Guy's and St Thomas' trust only admitted Aviva had died following the contamination at the inquest, having repeatedly told her family over the past decade she had died from natural causes. 

The outbreak also affected other babies in other NHS trusts, but fortunately these babies recovered. 

The feed provided to Yousef and Oscar by ITH Pharma was being used by nine different hospitals across the UK between May and June 2014 and saw 17 more babies become ill.

ITH Pharma was fined £1.2million for regulatory offences following the deaths of Oscar and Yousaf.

Yousef - who was born at St Thomas' Hospital in London (pictured) - was just nine days old when he died on June 1 2014 after Bacillus cereus bacteria infected his TPN feed

Previously, a spokesman for ITH Pharma said: 'ITH was not told of the previous outbreak of Bacillus cereus and death at St Thomas' at any point prior to the summer 2014 incident.

'This is deeply troubling given that this appears to be the very reason we were brought in to supply TPN at St Thomas'.'

In 2022, ITH Pharma admitted failing to conduct a suitable and sufficient risk assessment between August 2009 and June 2014, and two charges of supplying a medicinal product which was not of the nature or quality specified in the prescription.
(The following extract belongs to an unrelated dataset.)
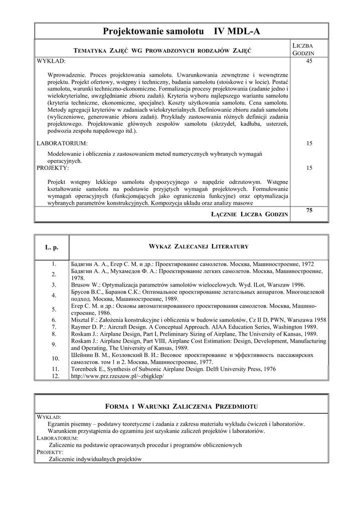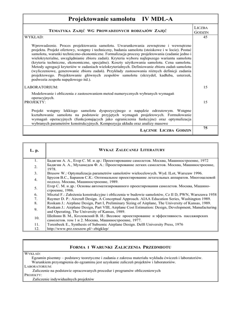 Projektowanie samolotu IV MDL-A TEMATYKA ZAJĘĆ WG PROWADZONYCH RODZAJÓW ZAJĘĆ LICZBA GODZIN WYKŁAD: 45 Wprowadzenie. Proces projektowania samolotu. Uwarunkowania zewnętrzne i wewnętrzne projektu. Projekt ofertowy, wstępny i techniczny, badania samolotu (stoiskowe i w locie). Postać samolotu, warunki techniczno-ekonomiczne. Formalizacja procesy projektowania (zadanie jedno i wielokryterialne, uwzględnianie zbioru zadań). Kryteria wyboru najlepszego wariantu samolotu (kryteria techniczne, ekonomiczne, specjalne). Koszty użytkowania samolotu. Cena samolotu. Metody agregacji kryteriów w zadaniach wielokryterialnych. Definiowanie zbioru zadań samolotu (wyliczeniowe, generowanie zbioru zadań). Przykłady zastosowania różnych definicji zadania projektowego. Projektowanie głównych zespołów samolotu (skrzydeł, kadłuba, usterzeń, podwozia zespołu napędowego itd.). LABORATORIUM: 15 Modelowanie i obliczenia z zastosowaniem metod numerycznych wybranych wymagań operacyjnych. PROJEKTY: 15 Projekt wstępny lekkiego samolotu dyspozycyjnego o napędzie odrzutowym. Wstępne kształtowanie samolotu na podstawie przyjętych wymagań projektowych. Formułowanie wymagań operacyjnych (funkcjonujących jako ograniczenia funkcyjne) oraz optymalizacja wybranych parametrów konstrukcyjnych. Kompozycja układu oraz analizy masowe ŁĄCZNIE LICZBA GODZIN L. p. 1. 2. 3. 4. 5. 6. 7. 8. 9. 10. 11. 12. 75 WYKAZ ZALECANEJ LITERATURY Бадягин А. А., Егер С. М. и др.: Проектирование самолетов. Москва, Машиностроение, 1972 Бадягин А. А., Мухамедов Ф. А.: Проектирование легких самолетов. Москва, Машиностроение, 1978. Brusow W.: Optymalizacja parametrów samolotów wielocelowych. Wyd. ILot, Warszaw 1996. Брусов В.С., Баранов С.К.: Оптимальное проектирование летательных аппаратов. Многоцелевой подход. Москва, Машиностроение, 1989. Егер С. М. и др.: Основы автоматизированного проектирования самолетов. Москва, Машиностроение, 1986. Misztal F.: Założenia konstrukcyjne i obliczenia w budowie samolotów, Cz II D, PWN, Warszawa 1958 Raymer D. P.: Aircraft Design. A Conceptual Approach. AIAA Education Series, Washington 1989. Roskam J.: Airplane Design, Part I, Preliminary Sizing of Airplane, The University of Kansas, 1989. Roskam J.: Airplane Design, Part VIII, Airplane Cost Estimation: Design, Development, Manufacturing and Operating, The University of Kansas, 1989. Шейнин В. М., Козловский В. И.: Весовое проектирование и эффективность пассажирских самолетов. том 1 и 2. Москва, Машиностроение, 1977. Torenbeek E., Synthesis of Subsonic Airplane Design. Delft University Press, 1976 http://www.prz.rzeszow.pl/~zbigklep/ FORMA I WARUNKI ZALICZENIA PRZEDMIOTU WYKŁAD: Egzamin pisemny – podstawy teoretyczne i zadania z zakresu materiału wykładu ćwiczeń i laboratoriów. Warunkiem przystąpienia do egzaminu jest uzyskanie zaliczeń projektów i laboratoriów. LABORATORIUM: Zaliczenie na podstawie opracowanych procedur i programów obliczeniowych PROJEKTY: Zaliczenie indywidualnych projektów

Regarding Aviva's death, Dr Morris wrote: 'The Trust undertook a root cause analysis together with involving the UKHSA and its own infection and microbiological teams, but no definitive source for the outbreak was found.'

He wrote that the hospital trust where she died had not passed on their findings to other places compounding TPN under a section 10 exemption, which allows pharmacists to make a limited quantity of medicine for a specific patient, or to the wider market.

A Prevention of Future Deaths report into the babies' deaths by senior coroner Dr Julian Morris has called on the Department of Health and Social Care, NHS England, Care Quality Commission, Medicines, and Healthcare Products Regulatory Agency (MHRA) to take action. 

The organisations must respond to the report by January 8, 2025.

The Prevention of Future Deaths report listed matters of concern including that there is no requirement for entities using the section 10 exemption to report findings to the MHRA or other bodies following an 'adverse event'. 

It added that current reporting structures are 'unclear' when sharing information would improve 'the provision of highly specific medication to a group of vulnerable patients'.